Молодуха молчит, поглядывая, пригорюнившись, на старуху.

— Чтой-то уж и смерть-то словно забыла меня, касатка! — продолжает старуха, — ровно уж и скончания житию-то не будет… а тоже хлеб ведь ем, на печи чужое место залеживаю… знобка я уж ноне стала!

— Чай, и грошика-то у тебя, баушка, нету?

— Нет, таки дал внучек грошик… Сынок-от у меня, видно, помер, так внучек в дому хозяйствует… дал грошик… как же! свечу поставить надо…

Новая толпа богомолок прерывает начатой разговор.

Всякиим грешникам

Будет мука разная… — [30]

раздается в одной группе нищих…

Народился злой антихрист,

Во всю землю он вселился,

Во весь мир он воружился,

Стали его волю творити

Власы, бороды стали брити,

Латынскую одежду носити… — [31]

раздается в другой группе.

"Порадейте, православные! на церковное строение! святому угоднику на встретение!" — так взывает небольшой, колченогий мужичок, бойко пробираясь на своей деревяшке сквозь густую толпу богомольцев. Через плечо у него перекинута ременная перевязь, с прикрепленным к ней небольшим деревянным ящиком, в который православные опускают свои посильные жертвы.

— Здравствуйте, барин миленький! — говорит мне добрая гражданка Палагея Ивановна [32], встречаясь со мной.

— Здравствуйте, Палагея Ивановна! скажите, пожалуйста, отчего нищие только и поют, что про антихриста да про муки разные?

— И, барин! это уж заведенье у них такое, не замай их!

Палагея Ивановна ходит по площади с мешком медных денег и раздает их нищим и бедным богомолкам, вроде той старухи, о которой упомянуто выше. За ней плетется шестилетняя племянница с калачиком в руках и по временам отламывает от него воробьиную дачу.

— Тетонька! дать слепенькому калачика? — спрашивает она всякий раз Палагею Ивановну.

— Дай, умница, слепенький за тебя богу помолит. И воробьиная дача, вместе с копеечкой Палагеи.

Ивановны, опускается в чашку убогого.

— А ведь ваша Сашенька будет предобрая, — говорю я Палагее Ивановне.

— Ничего, барин, пущай приучается.

Палагея Ивановна продолжает свой обход и всех наделяет грошиками; Сашенька тоже вынимает из узелка третий калачик и, по мере своего разумения, подражает делу благотворения своей тетки.

Есть люди, которые думают, что Палагея Ивановна благотворит по тщеславию, а не по внутреннему побуждению своей совести, и указывают в особенности на гласность, которая сопровождает ее добрые дела.

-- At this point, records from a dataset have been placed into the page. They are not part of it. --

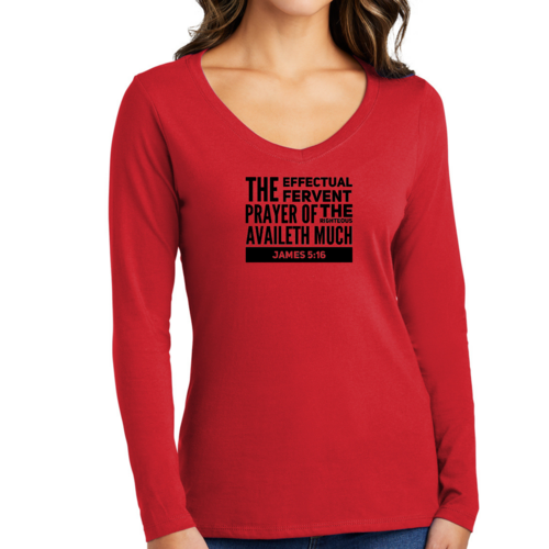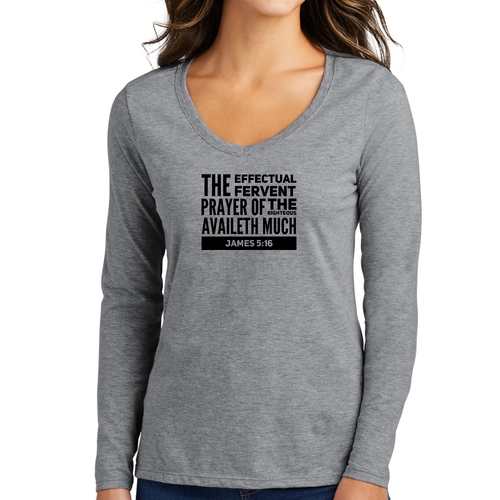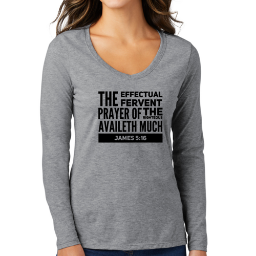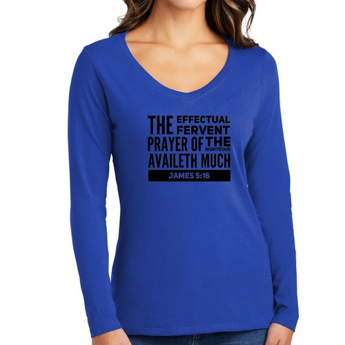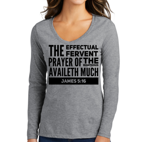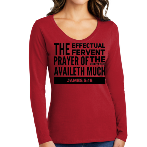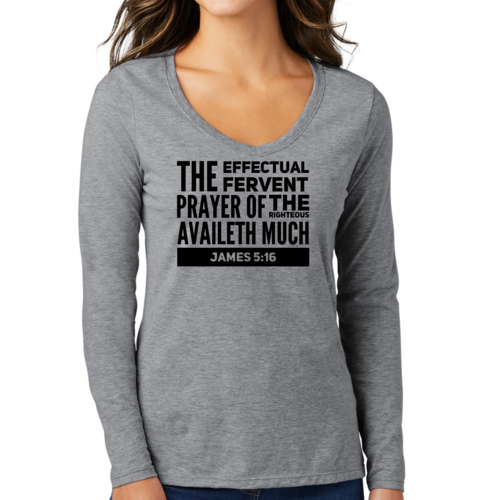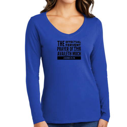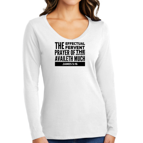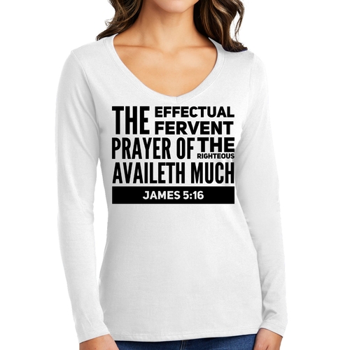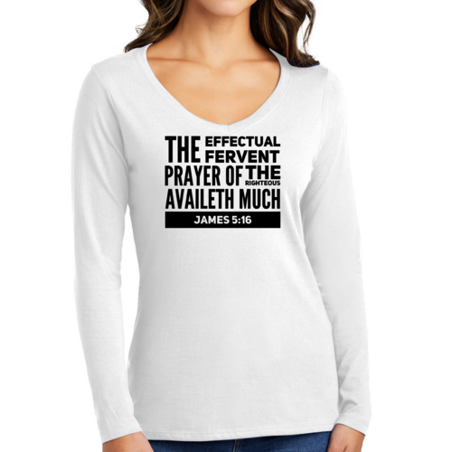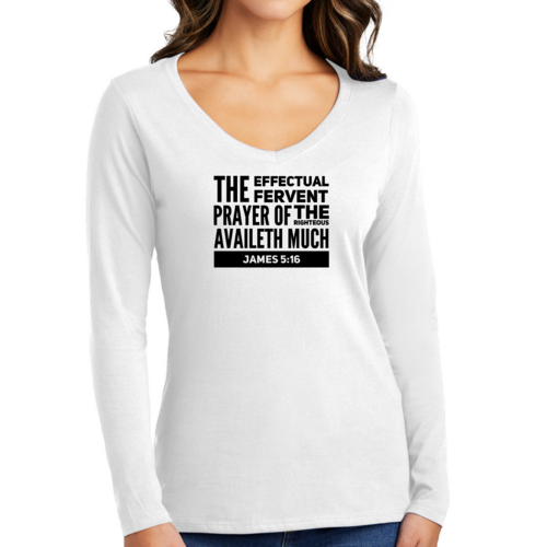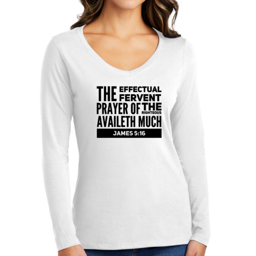 Introducing the Womens Long Sleeve V-neck Graphic T-shirt, a perfect blend of comfort and inspiration. This stylish tee features the powerful quote from James 5:16, 'The Effectual Fervent Prayer Of The Righteous Availeth Much.' Made from soft, preshrunk cotton, this shirt is designed to retain its softness and size even after multiple washes, ensuring you enjoy its comfort for years to come.
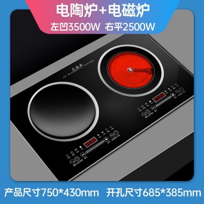 3500W双灶电磁炉家庭用新款嵌入式凹面电陶炉
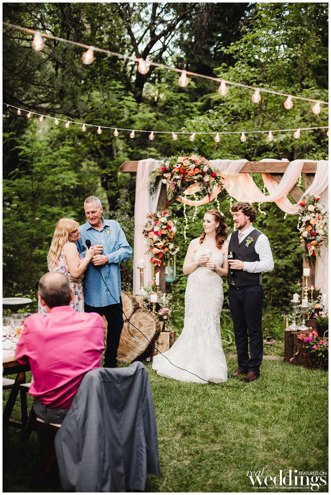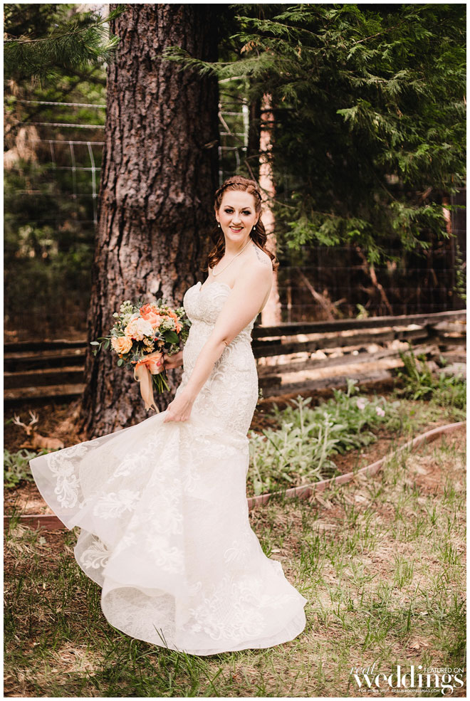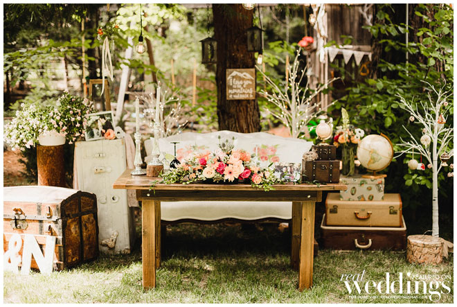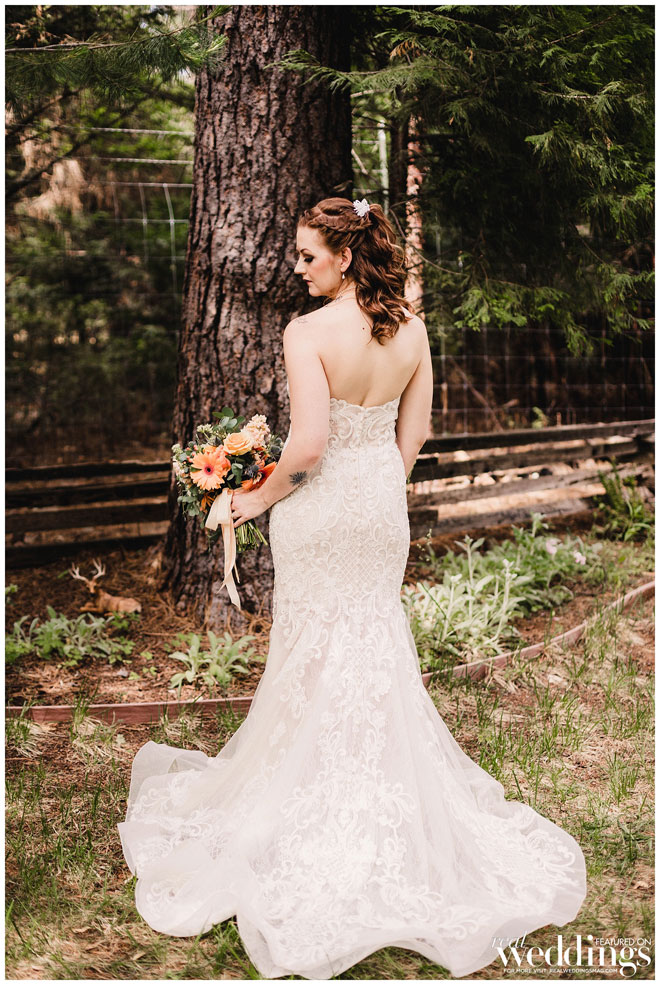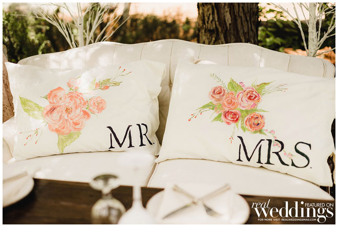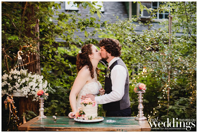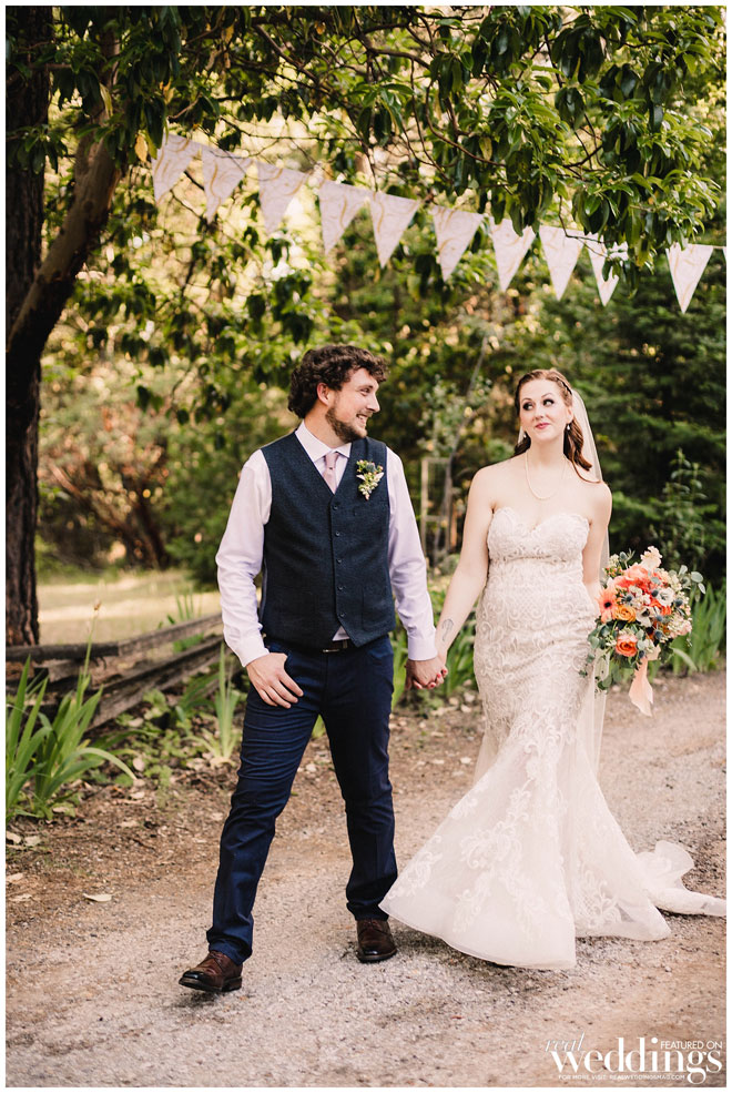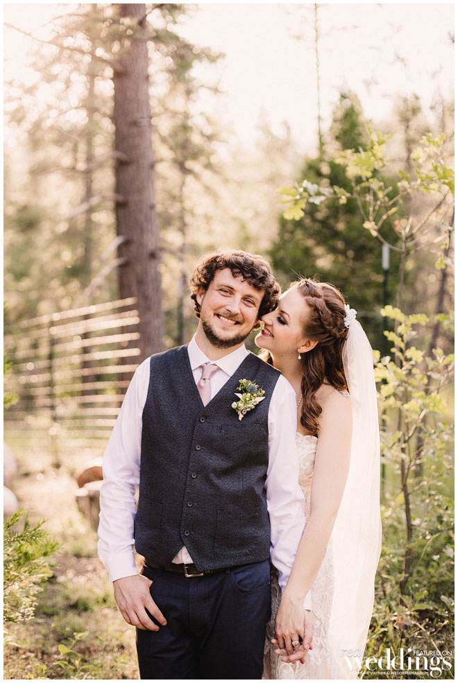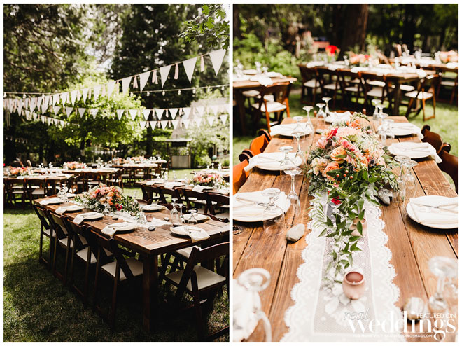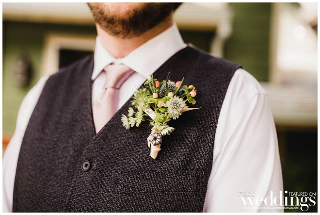 The groom says his favorite part of the day was when Jen said, “I do.” “We planned that day for months and it flew by so fast, but seeing everyone come together to make it a reality was so special to us,” the bride says. “One of the more memorable moments of the day for me was seeing my grandparents’ dog tags attached to my bouquet. It wasn’t something I knew was happening. and we were just starting to take bridal pictures when the bouquet was handed to me. When I looked down and saw the dog tags, I started to cry. It was so special. My brother also came off the Pacific Crest Trail to surprise us for the wedding—another thing we weren’t expecting.”

Я, с своей стороны, искренно убежден, что это мнение самое неосновательное, потому что достаточно взглянуть на ее милое, сияющее добродушием и искренностию лицо, чтоб убедиться, что этой свежей и светлой натуре противна всякая ложь, всякое притворство. Если все ее поступки гласны, то это потому, что в провинции вообще сохранение тайны — вещь материяльно невозможная, да и притом потребность благотворения не есть ли такая же присущая нам потребность, как и те движения сердца, которые мы всегда привыкли считать законными? Следовательно, и она так же, как эти последние, должна удовлетворяться совершенно естественно, без натяжек, без приготовлений, без задней мысли, по мере того как представляется случай, и Палагея Ивановна, по моему мнению, совершенно права, делая добро и тайно и открыто, как придется.

Я вообще чрезвычайно люблю наш прекрасный народ, и с уважением смотрю на свежие и благодушные типы, которыми кишит народная толпа. Конечно, мы с вами, мсьё Буеракин, или с вами, мсьё Озорник [33], слишком хорошо образованны, чтоб приходить в непосредственное соприкосновение с этими мужиками, от которых пахнет печеным хлебом или кислыми овчинами, но издали поглядеть на этих загорелых, коренастых чудаков мы готовы с удовольствием. Я даже с гордостью сознаюсь, что когда на театре автор выводит на первый план русского мужичка и рекомендует ему отхватать вприсядку или же, собрав на сцену достаточное число опрятно одетых девиц в телогреях, заставляет их оглашать воздух звуками русской песни, я чувствую, что в сердце моем делается внезапный прилив, а глаза застилаются туманом, хотя, конечно, в камаринской нет ничего унылого.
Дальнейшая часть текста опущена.